Former U.S. Vice President Dick Cheney voiced his support for an Israeli strike on Iran's nuclear facilities over the weekend, during his closed-door keynote address at the Republican Jewish Coalition's annual spring meeting.
The gathering, attended by several possible Republican presidential candidates, including former Governor Jeb Bush and Governors Chris Christie, Scott Walker and John Kasich, was held at the Venetian hotel in Las Vegas, owned by casino magnate Sheldon Adelson.
In his speech, Cheney ridiculed U.S. President Barack Obama's foreign policy and dismissed ongoing negotiations between the P5+1 nations and Tehran over Iran's nuclear program.
Recalling a conversation he had in 2007 with then-Military Intelligence chief Amos Yadlin, after Israeli reportedly bombed a covert Syrian nuclear facility, Cheney voiced his support for Israeli military action against Iran.
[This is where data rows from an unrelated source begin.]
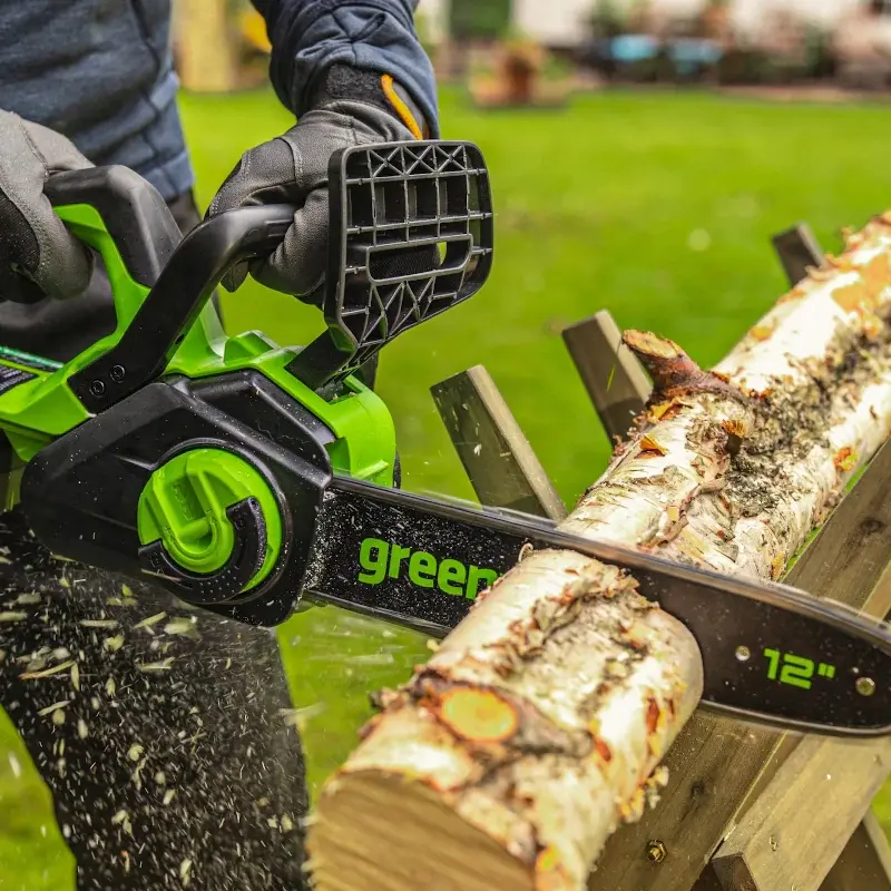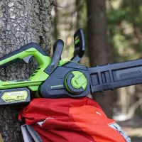 Цепная аккумуляторная пила Greenworks GD24CS30 используется в приусадебном хозяйстве для валки деревьев, обрезки веток, распиловки бревен. Максимальная скорость вращения цепи на холостых оборотах достигает 7,8 м/с, обеспечивает высокую эффективность даже при пилении сырой древесины.
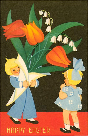 EA-144 Happy Easter, Children with Large Bouquet - Vintage Image
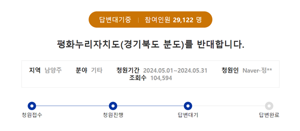 청원인 A씨는 “이 분도가 주민들 의견을 반영한 것이 맞는가”라며 “저를 비롯해 이웃 주민 대다수가 경기북도 분리 정책에 대해 반대하는 입장이다. ‘평화누리특별자치도’ 이름부터 코미디 프로그램에서나 풍자 당할 우스꽝스러운 이름”이라며 불쾌해했다.
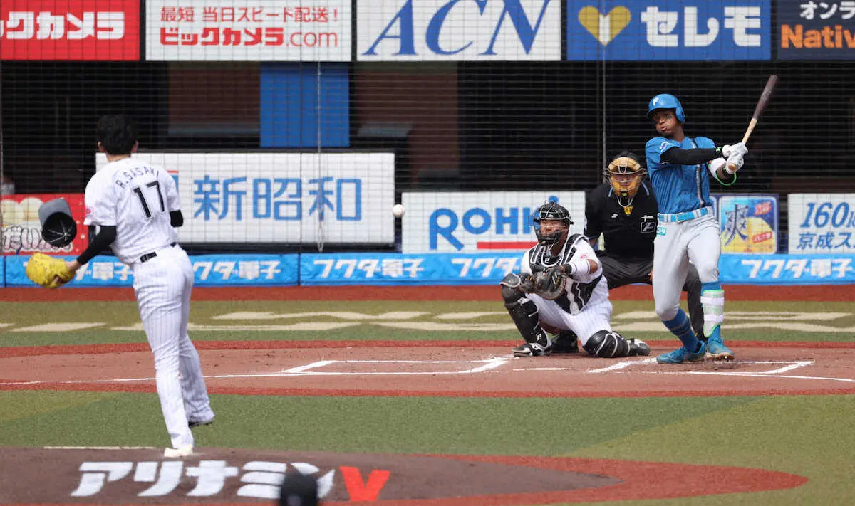 「2番・右翼」で3月30日の開幕・楽天戦(エスコン)以来のスタメン出場し、初回1死だ。昨季のチームが2度の対戦で計13イニング1得点だった右腕と対峙(たいじ)。5球目にはこの日最速164キロをファウルにするなど、8球粘った末に161キロ直球を中前にはじき返した。

The crowd responded to his words with laughter and applause.
"[Yadlin] looked across the table over dinner, and he said, 'Two down, one to go.' I knew exactly what he meant," Cheney said, referring also to the 1981 Israeli strike against an Iraqi nuclear reactor at Osirak, according to a recording obtained and published by Mother Jones. "One to go" was understood as a reference to a future Israeli strike against Iran's nuclear project.
Cheney went on to criticize Obama's foreign policy both around the world and the Middle East. "The bottom line is," Cheney said, "the United States' position in [the Middle East] is worse than at any time in my lifetime It's reached the point where Israel and Egypt, [the United Arab] Emirates, Saudi Arabia, Jordan are closer to one another - imagine that! - than any of them is to us"
Last October, Adelson, a high-stakes contributor to the GOP, called on the U.S. to detonate a nuclear device at an unpopulated area of Iran and threaten to wipe out Tehran if the country doesn't back down from developing its nuclear program.
In November, Yadlin approved of the interim deal reached between the P5+1 and Iran, saying that, despite its flaws, "it's better than the alternative of no agreement." Israel must push for final deal that keeps Iran years rather than months away from a possible bomb, he added.